High availability during node and zone failures
The ability to survive failures and be highly available is one of the foundational features of YugabyteDB. To better understand how YugabyteDB can continue to perform reads and writes even in case of node failures, run the following example.
Scenario
Suppose you have a universe with a replication factor (RF) of 3, which allows a fault tolerance of 1. This means the universe remains available for both reads and writes even if a fault domain fails. However, if another were to fail (bringing the number of failures to two), writes would become unavailable in order to preserve data consistency.
Set up a universe
Follow the setup instructions to start a single region three-node universe, connect the YB Workload Simulator application, and run a read-write workload.
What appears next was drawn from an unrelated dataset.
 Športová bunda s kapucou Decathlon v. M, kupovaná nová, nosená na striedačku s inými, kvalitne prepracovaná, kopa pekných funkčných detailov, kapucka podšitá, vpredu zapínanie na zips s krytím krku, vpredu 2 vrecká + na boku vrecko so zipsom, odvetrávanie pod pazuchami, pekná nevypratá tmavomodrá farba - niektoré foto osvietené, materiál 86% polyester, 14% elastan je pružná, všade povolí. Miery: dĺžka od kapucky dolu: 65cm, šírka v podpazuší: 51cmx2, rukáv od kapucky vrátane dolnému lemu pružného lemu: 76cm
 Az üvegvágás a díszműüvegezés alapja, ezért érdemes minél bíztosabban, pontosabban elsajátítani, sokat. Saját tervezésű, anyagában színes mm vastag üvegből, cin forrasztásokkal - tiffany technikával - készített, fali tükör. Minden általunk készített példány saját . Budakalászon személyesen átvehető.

To verify that the application is running correctly, navigate to the application UI at http://localhost:8080/ to view the universe network diagram, as well as latency and throughput charts for the running workload.
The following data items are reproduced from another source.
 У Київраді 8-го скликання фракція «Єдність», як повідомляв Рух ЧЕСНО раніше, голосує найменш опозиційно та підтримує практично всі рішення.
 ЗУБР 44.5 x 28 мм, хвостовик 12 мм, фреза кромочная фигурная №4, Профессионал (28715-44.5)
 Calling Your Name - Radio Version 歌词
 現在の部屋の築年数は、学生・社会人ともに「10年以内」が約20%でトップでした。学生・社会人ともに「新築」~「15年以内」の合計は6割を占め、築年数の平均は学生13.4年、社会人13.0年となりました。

Observe even load across all nodes
To view a table of per-node statistics for the universe, navigate to the tablet-servers page. The following illustration shows the total read and write IOPS per node:
Notice that both the reads and the writes are approximately the same across all nodes, indicating uniform load.
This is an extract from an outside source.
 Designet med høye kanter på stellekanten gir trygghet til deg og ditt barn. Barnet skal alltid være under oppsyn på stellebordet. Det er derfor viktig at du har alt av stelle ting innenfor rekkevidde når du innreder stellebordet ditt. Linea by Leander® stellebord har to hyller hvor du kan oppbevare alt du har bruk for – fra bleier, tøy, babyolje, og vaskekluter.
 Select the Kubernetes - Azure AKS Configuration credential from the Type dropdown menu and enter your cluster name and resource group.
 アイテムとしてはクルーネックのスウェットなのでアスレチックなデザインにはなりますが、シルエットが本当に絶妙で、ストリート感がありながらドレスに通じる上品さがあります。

To view the latency and throughput on the universe while the workload is running, navigate to the simulation application UI, as per the following illustration:
Simulate a node failure
Stop one of the nodes to simulate the loss of a zone, as follows:
./bin/yugabyted stop --base_dir=/tmp/ybd2
Observe workload remains available
Refresh the tablet-servers page to see the statistics update.
The Time since heartbeat
value for that node starts to increase. When that number reaches 60s (1 minute), YugabyteDB changes the status of that node from ALIVE to DEAD. Observe the load (tablets) and IOPS getting moved off the removed node and redistributed to the other nodes, as per the following illustration:
With the loss of the node, which also represents the loss of an entire fault domain, the universe is now in an under-replicated state.
Navigate to the simulation application UI to see the node removed from the network diagram when it is stopped, as per the following illustration:
It may take close to 60 seconds to display the updated network diagram. You can also notice a spike and drop in the latency and throughput, both of which resume immediately.
Despite the loss of an entire fault domain, there is no impact on the application because no data is lost; previously replicated data on the remaining nodes is used to serve application requests.
Clean up
You can shut down the local cluster by following the instructions provided in Destroy a local cluster.